Technically, quantum computing is the integration of quantum physics, mathematics, and computer science methods for the advancement of computational models. It applies two main quantum properties namely superposition and entanglement, which allows the development of quantum computers. Quantum computing incorporates these behaviors of quantum particles to execute computational technologies that are exponentially faster than classic computers.
Quantum computing, in simple terms, is that it is designed to tackle extremely difficult scientific problems by harnessing computing power far beyond the limit of classical supercomputers. If a classic computer is compared to a hot air balloon in computation speed, a quantum computer is like a Space Shuttle.
Quantum computers excel at running simulations that are impossible for conventional computers, leading to breakthroughs for example water molecules have already been simulated on a quantum computer.
The use of quantum computing in different industries having superfast parallel computing power will produce disruptive results which are of great significance to science and business. It holds the promise of exponentially accelerating the ability of classical computers in solving important social and economic problems. By tapping into this unprecedented computational power, scientists are expected to make new revolutions in artificial intelligence, weather forecasting, drug design.
If you put superconducting quantum computers into use in the pharmaceutical sector it will be able to quickly select the most promising combination of drug molecules from all available drug molecule candidates. Saving time and cost in the development process, Covid19 vaccines, would be able to come sooner and more efficiently to market.

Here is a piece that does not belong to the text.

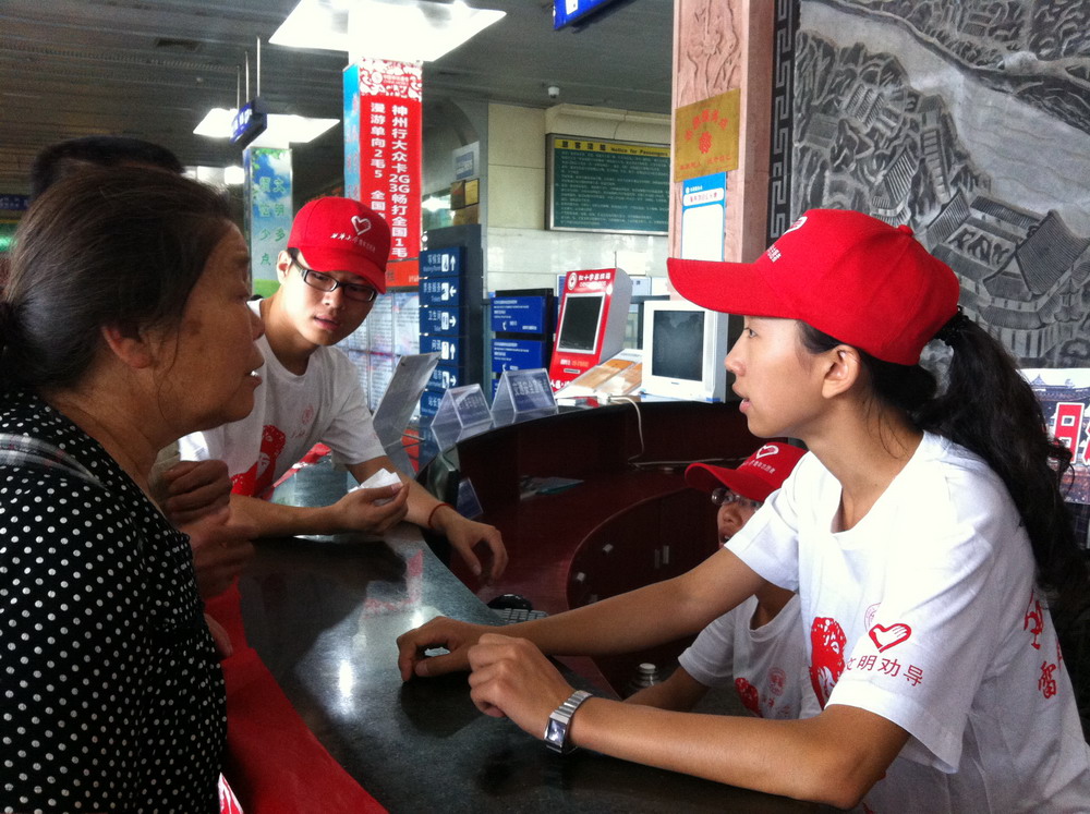 志愿者在公共汽车站宣传交通安全常识 志愿者在火车站为旅客提供咨询服务

The biggest challenge by far is the changing climate, and it’s worsening impact on food supplies, natural disasters and rising oceans. Quantum computing can unlock new approaches for tackling climate change by contributing to the development of new zero-emission technologies like for example energy production and how we store power.
Hackers and Cybersecurity will battle each other on a quantum computing realm. We now live in a world where cars, hospitals and nuclear missiles run on code — programmers can literally control reality. As the world becomes more digitized, it also becomes more hackable. Cyber attacks, data breaches, even cyber warfare are all very real. Encryption has already been developed that theoretically cannot be broken by quantum computers, and when quantum computers become powerful enough there’ll be a shift to these new algorithms.